Understanding LLM Serving
Key concepts in LLM serving:
- Throughput: Tokens processed per second
- Latency: Time to first token (TTFT) and per-token latency
- Batching: Grouping requests for efficient processing
- KV Cache: Caching attention key-values for efficiency
- Quantization: Reducing model size for faster inference
# Key metrics to measure
metrics = {
"throughput": "tokens/second across all requests",
"latency_p50": "50th percentile response time",
"latency_p99": "99th percentile response time",
"ttft": "time to first token",
"batch_size": "average batching efficiency",
"gpu_utilization": "GPU usage percentage"
}
NVIDIA Triton Inference Server
Triton is a production-grade serving solution with broad framework support and optimization features.
Triton Setup
# config.pbtxt - Triton model configuration
name: "llama-2-7b"
platform: "pytorch_libtorch"
max_batch_size: 32
input [
{
name: "input_ids"
shape: [-1]
data_type: INT64
},
{
name: "attention_mask"
shape: [-1]
data_type: INT64
}
]
output [
{
name: "logits"
shape: [-1, 32000]
data_type: FP32
}
]
dynamic_batching {
preferred_batch_size: [8, 16, 32]
max_queue_delay_microseconds: 100000
}
optimization {
graph: {
enabled: true
}
}
Triton Python Client
import tritonclient.http as httpclient
from tritonclient.utils import np_to_triton_dtype
import numpy as np
# Connect to Triton server
client = httpclient.InferenceServerClient(url="localhost:8000")
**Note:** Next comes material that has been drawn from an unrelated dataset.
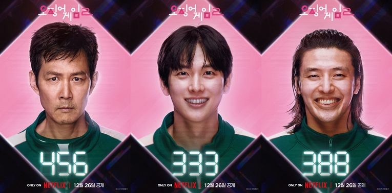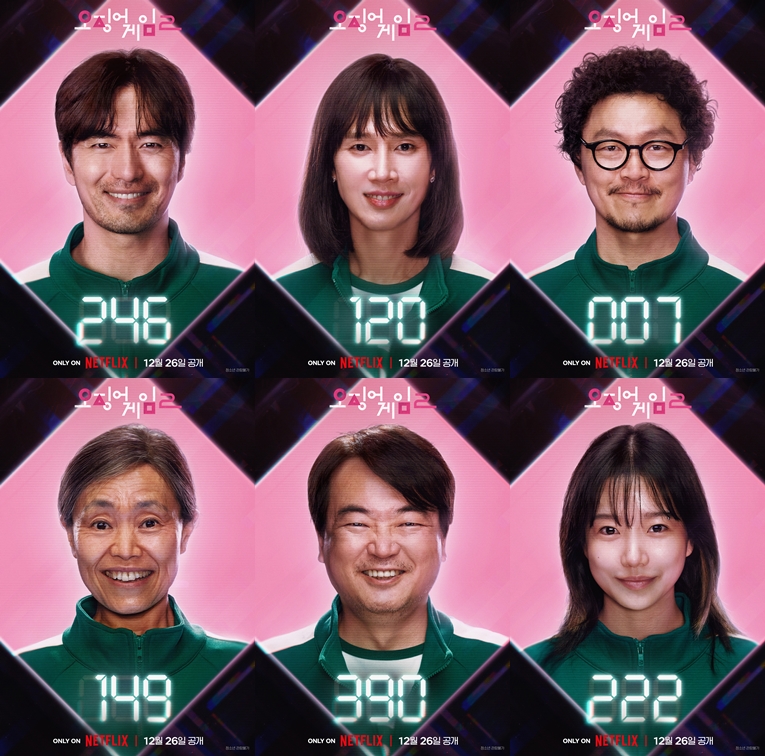 공개된 '오징어 게임' 시즌2 1차 캐릭터 포스터는 작품 속 게임 참가자들이 게임 참가 직전에 찍는 프로필 사진을 연상시킨다. 게임을 끝내기 위해 돌아온 456번 기훈의 포스터는 웃음기 없는 진지한 표정으로 이 게임이 처음인 다른 참가자들과 대조된다.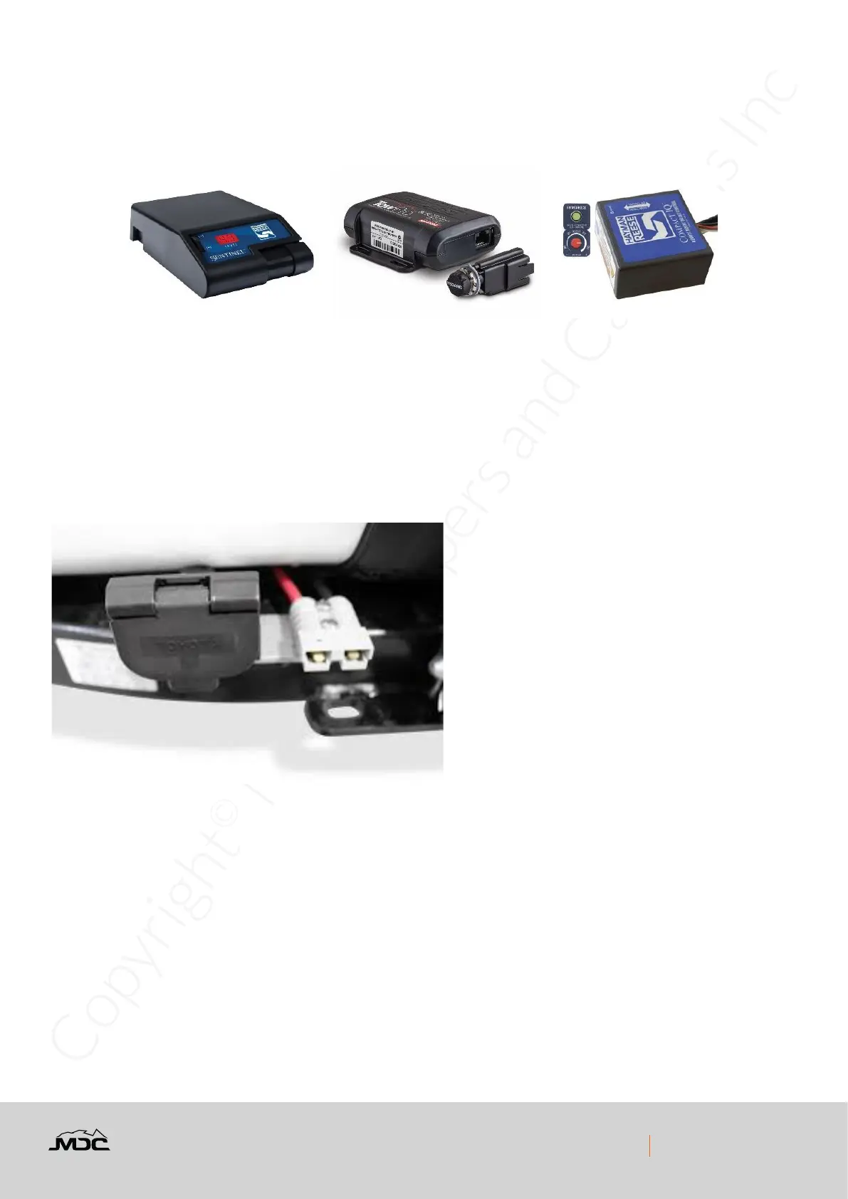 the caravan. For this purpose and Anderson plug connection is tted to all MDC caravans on the drawbar. Your vehicle

def generate(prompt: str, max_tokens: int = 100):
# Tokenize
inputs = tokenizer(prompt, return_tensors="np")
# Prepare Triton inputs
input_ids = httpclient.InferInput(
name="input_ids",
shape=inputs["input_ids"].shape,
datatype=np_to_triton_dtype(inputs["input_ids"].dtype])
input_ids.set_data_from_numpy(inputs["input_ids"])
attention_mask = httpclient.InferInput(
name="attention_mask",
shape=inputs["attention_mask"].shape,
datatype=np_to_triton_dtype(inputs["attention_mask"].dtype))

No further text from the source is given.